The difference can be seen too. Video shows Rendulic sorting blocks with the stimulation off. When the stimulation is turned on, she's able to work twice as fast.

Researchers decided on most of the tasks but Rendulic got to weigh in too.

"My husband and I love to eat steak, and one of my pet peeves is I have to ask him to cut up my steak for me,” she said. 

On the last day of the study, a steak was delivered to her. 

“I’m cutting it!” she exclaims on video.

The technology isn’t a cure and the pilot study was small; only Rendulic and another stroke survivor took part. But the preliminary results are promising, marking a step toward one day restoring mobility for this extremely common type of paralysis.

About 800,000 Americans every year have a stroke, Capogrosso said. About half have permanent motor paralysis. 

At the end of the four-week study, researchers had to remove the device.

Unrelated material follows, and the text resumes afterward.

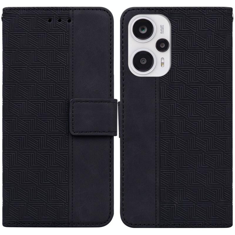 Για Xiaomi Poco F5 / Redmi Note 12 Turbo γεωμετρική ανάγλυφη δερμάτινη θήκη τηλεφώνου (μαύρο)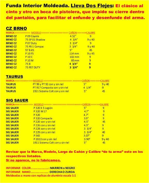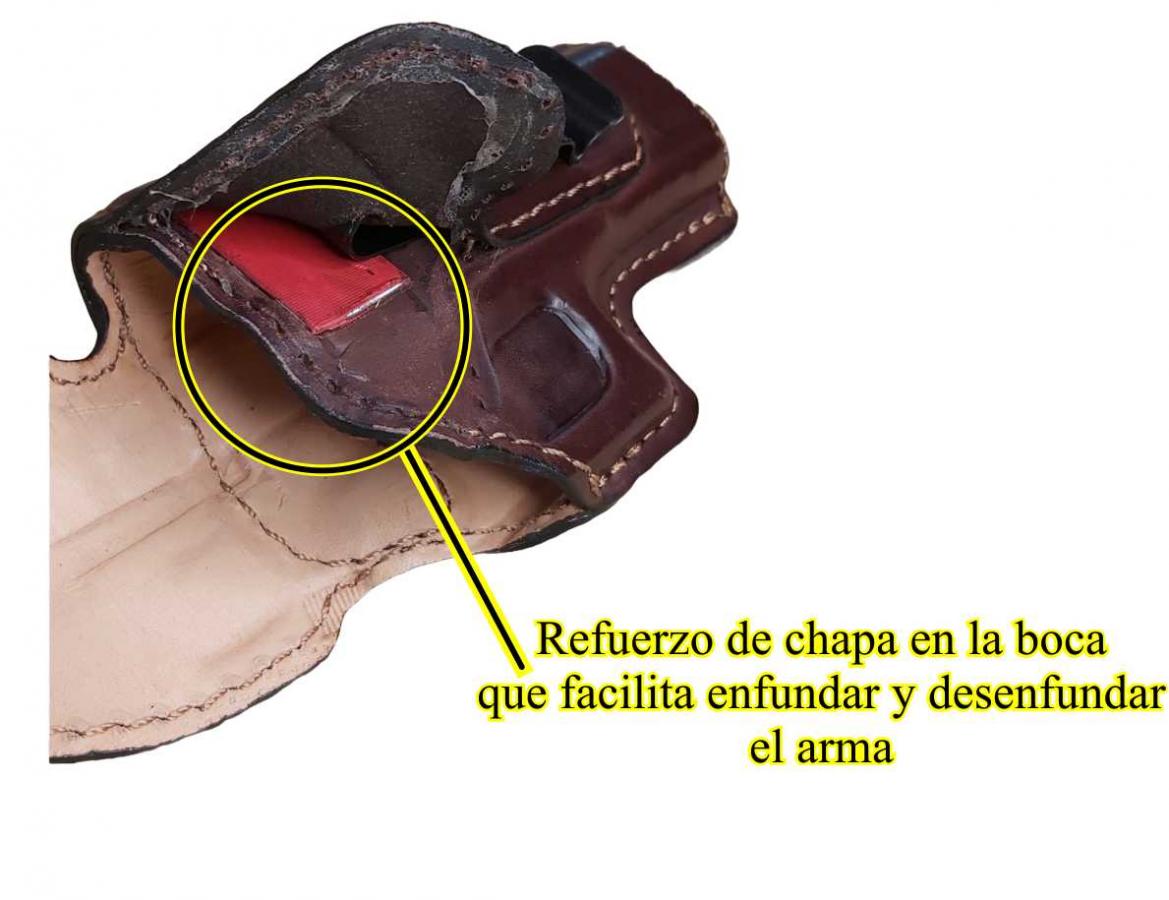 * FLEJE DOS : En boca de pistolera, impide que la funda se aplaste dentro del pantalón al desenfundar el arma, a la vez que facilita el enfunde.

They say it will take years of research to prove the treatment actually works.

"We first give them abilities and then we remove them, which pressures me to go faster, actually, to be able to have the full implantable system and go back to them [and say] ‘Hey, we can make your life better now,’” Capogrosso said. 

The experiment astounded Rendulic.

“This technology was helping me improve in ways I didn't think were possible post-stroke,” she said.

Surprisingly, she kept some improvement in her arm for about a month after the implant was removed.

The study was funded by the National Institutes of Health and published in the journal Nature Medicine, with researchers now using the experimental device on even more stroke survivors, as part of a larger study.